PortionNet: Distilling 3D Geometric Knowledge for Food Nutrition Estimation
This addresses the challenge of accurate food nutrition estimation for smartphone users without depth sensors, though it is incremental as it builds on existing knowledge distillation and 3D reasoning methods.
The paper tackled the problem of food nutrition estimation from single images by proposing PortionNet, a cross-modal knowledge distillation framework that learns geometric features from point clouds during training but uses only RGB images at inference, achieving state-of-the-art performance on MetaFood3D with improvements in volume and energy estimation.

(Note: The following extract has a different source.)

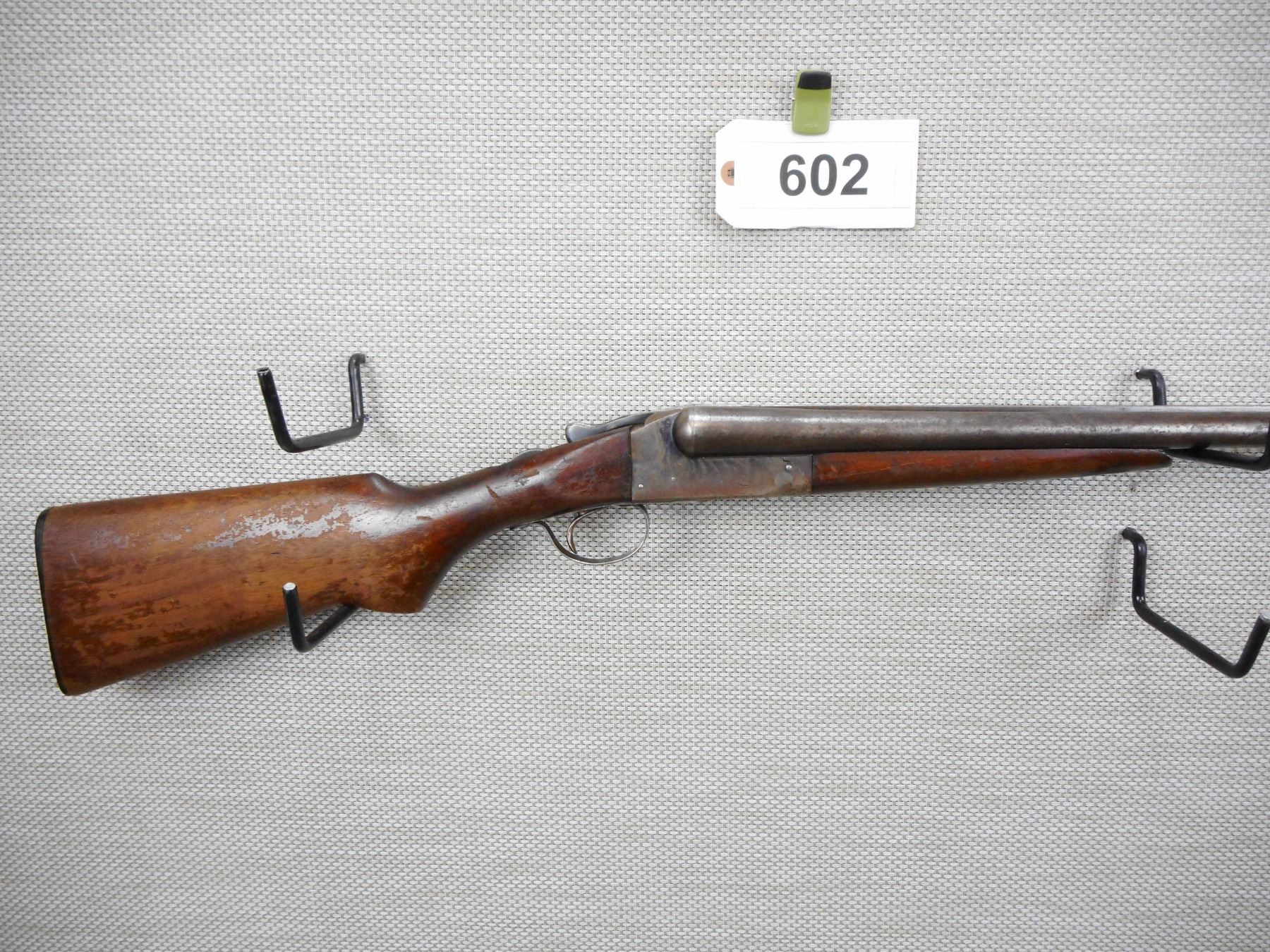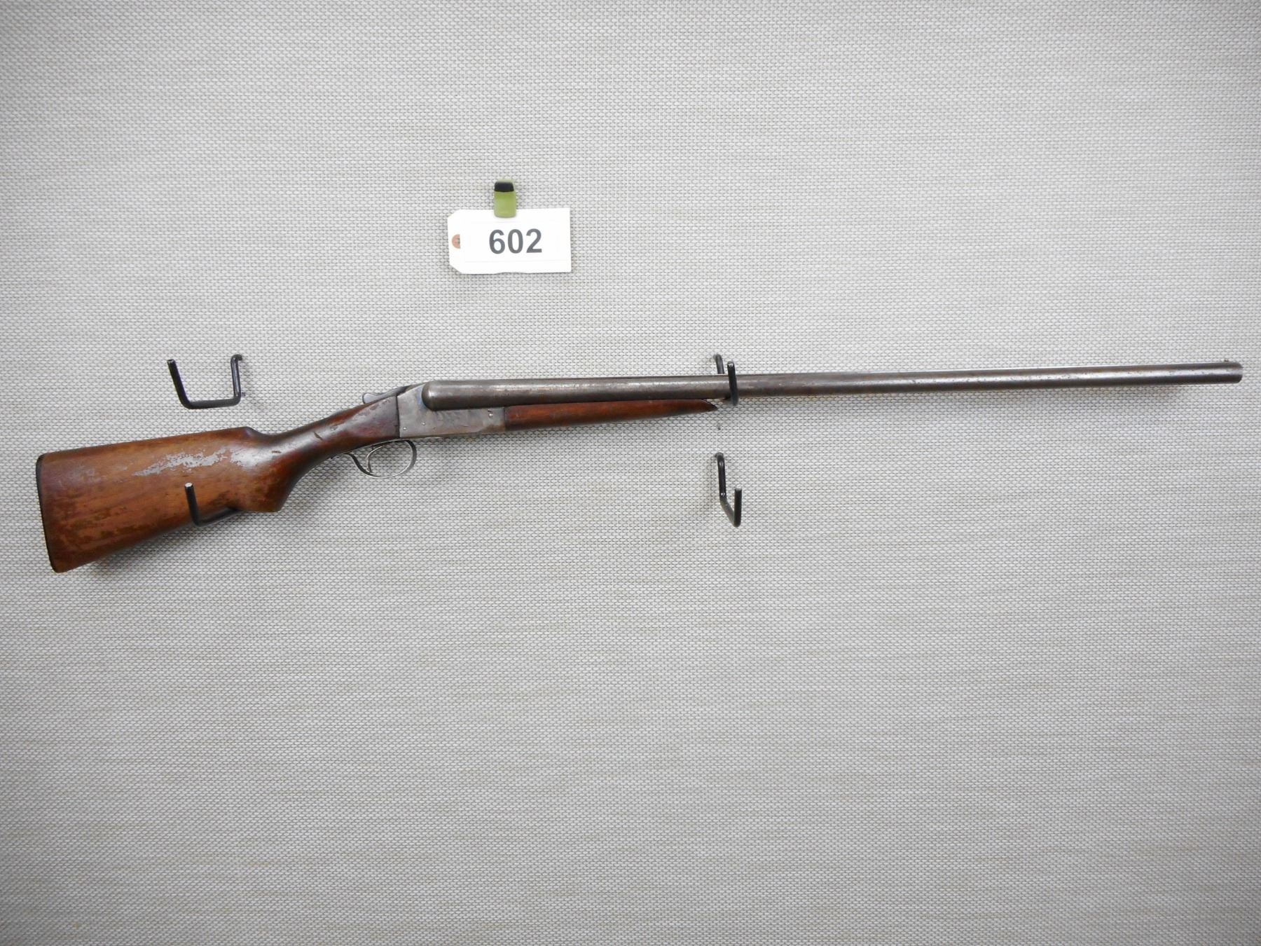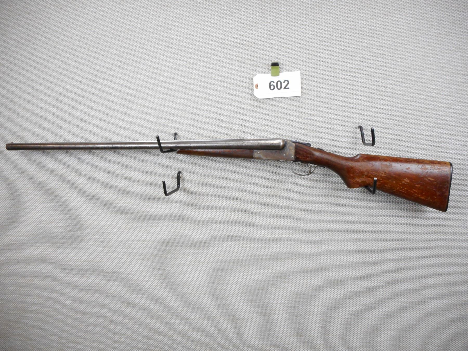 WESTERN GUN CORP , MODEL: LONG RANGE GUN , CALIBER: 12GA X 2 3/4" , BEAD FRONT SIGHT, VERY GOOD BORES, FIXED FULL AND MODIFIED CHOKES, TWO PIECE HARDWOOD STOCK WITH PLASTIC BUTT PLATE, SHOWS EXTENSIVE HANDLING MARKS, SINGLE TRIGGER, MADE UNDER CONTRACT FOR WESTERN ARMS BY ITHACA, ACTION IS LOOSE, RETAINS SOME CASE HARDENING , ACTION: SIDE BY SIDE BREAK ACTION SHOTGUN , SERIAL # 55490 , BARREL LENGTH: 30" , CONDITION: 4/10 , STOCK # 8607 , CLASS: CANADIAN NON RESTRICTED CLASS

Accurate food nutrition estimation from single images is challenging due to the loss of 3D information. While depth-based methods provide reliable geometry, they remain inaccessible on most smartphones because of depth-sensor requirements. To overcome this challenge, we propose PortionNet, a novel cross-modal knowledge distillation framework that learns geometric features from point clouds during training while requiring only RGB images at inference. Our approach employs a dual-mode training strategy where a lightweight adapter network mimics point cloud representations, enabling pseudo-3D reasoning without any specialized hardware requirements. PortionNet achieves state-of-the-art performance on MetaFood3D, outperforming all previous methods in both volume and energy estimation. Cross-dataset evaluation on SimpleFood45 further demonstrates strong generalization in energy estimation.